The Dangers of Exaggerating the Stakes in War
The idea that the fate of world order rides on the outcome of any particular conflict is not supported by the evidence, so it is worth considering why it keeps reappearing.
Paul Poast counters claims that a Ukrainian defeat would have far-reaching implications around the world:
A second reason the broader impact of a Russian victory has been exaggerated has to do with two words that should be forever banished from the U.S. foreign policy lexicon: domino theory. That Cold War-era argument held that allowing any country to fall to communism would embolden revolutionary groups—and their external sponsors—in other countries, thereby facilitating the spread of communism the way one falling domino tips over the next in line. To keep the communist domino from falling in Vietnam, the U.S. expended enormous military and financial resources there for over a decade. Washington ultimately failed to prevent the country from “going communist,” but besides neighboring Laos, the subsequent dominos were never toppled as feared. The fall of Saigon had no real impact on any of the U.S.-Soviet proxy conflicts that followed, and before the Cold War had even ended, the domino theory was largely considered to be discredited.

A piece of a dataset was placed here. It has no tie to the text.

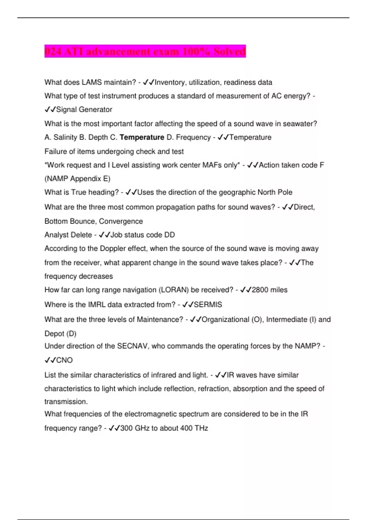 What does LAMS maintain? - Inventory, utilization, readiness data What type of test instrument produces a standard of measurement of AC energy? - Signal Generator What is the most important factor affecting the speed of a sound wave in seawater? A. Salinity B. Depth C. Temperature D. Frequency - Temperature Failure of items undergoing check and test *Work request and I Level assisting work center MAFs only* - Action taken code F (NAMP Appendix E) What is True heading? - Uses the direction of the geographic North Pole What are the three most common propagation paths for sound waves? - Direct, Bottom Bounce, Convergence Analyst Delete - Job status code DD According to the Doppler effect, when the source of the sound wave is moving away from the receiver, what apparent change in the sound wave takes place? - The frequency decreases How far can long range navigation (LORAN) be received? - 2800 miles Where is the IMRL data extracted from? - SERMIS What are the three levels of Maintenance? - Organizational (O), Intermediate (I) and Depot (D) Under direction of the SECNAV, who commands the operating forces by the NAMP? - CNO List the similar characteristics of infrared and light. - IR waves have similar characteristics to light which include reflection, refraction, absorption and the speed of transmission. What frequencies of the electromagnetic spectrum are considered to be in the IR frequency range? - 300 GHz to about 400 THz What is the electrical charge of an atom which contains 8 protons and 11 electrons - Negative charge Work stoppage-awaiting parts *when awaiting parts that are not available locally. - Action taken code L (NAMP Appendix E) Work stoppage, post and predeployment, and inter-IMA support. * entered to closeout MAF copy when component repair is to be performed at another facility. *D action* - (AT) Action taken code D (Appendix E) IFF Modes - 1- Identification 2- Squadron 3A- ATC 4- Military C- Altitude

Poast does a good job spelling out why a war in one part of the world doesn’t have profound implications everywhere else. The idea that the fate of world order rides on the outcome of any particular conflict is not supported by the evidence, so it is worth considering why it keeps reappearing. One reason that this idea keeps cropping up in our foreign policy debates is that the U.S. usually doesn’t have vital interests at stake in a given conflict, so in order to justify U.S. involvement in the conflict or U.S. support for another state our political leaders inflate the stakes so that it becomes easier to sell the policy.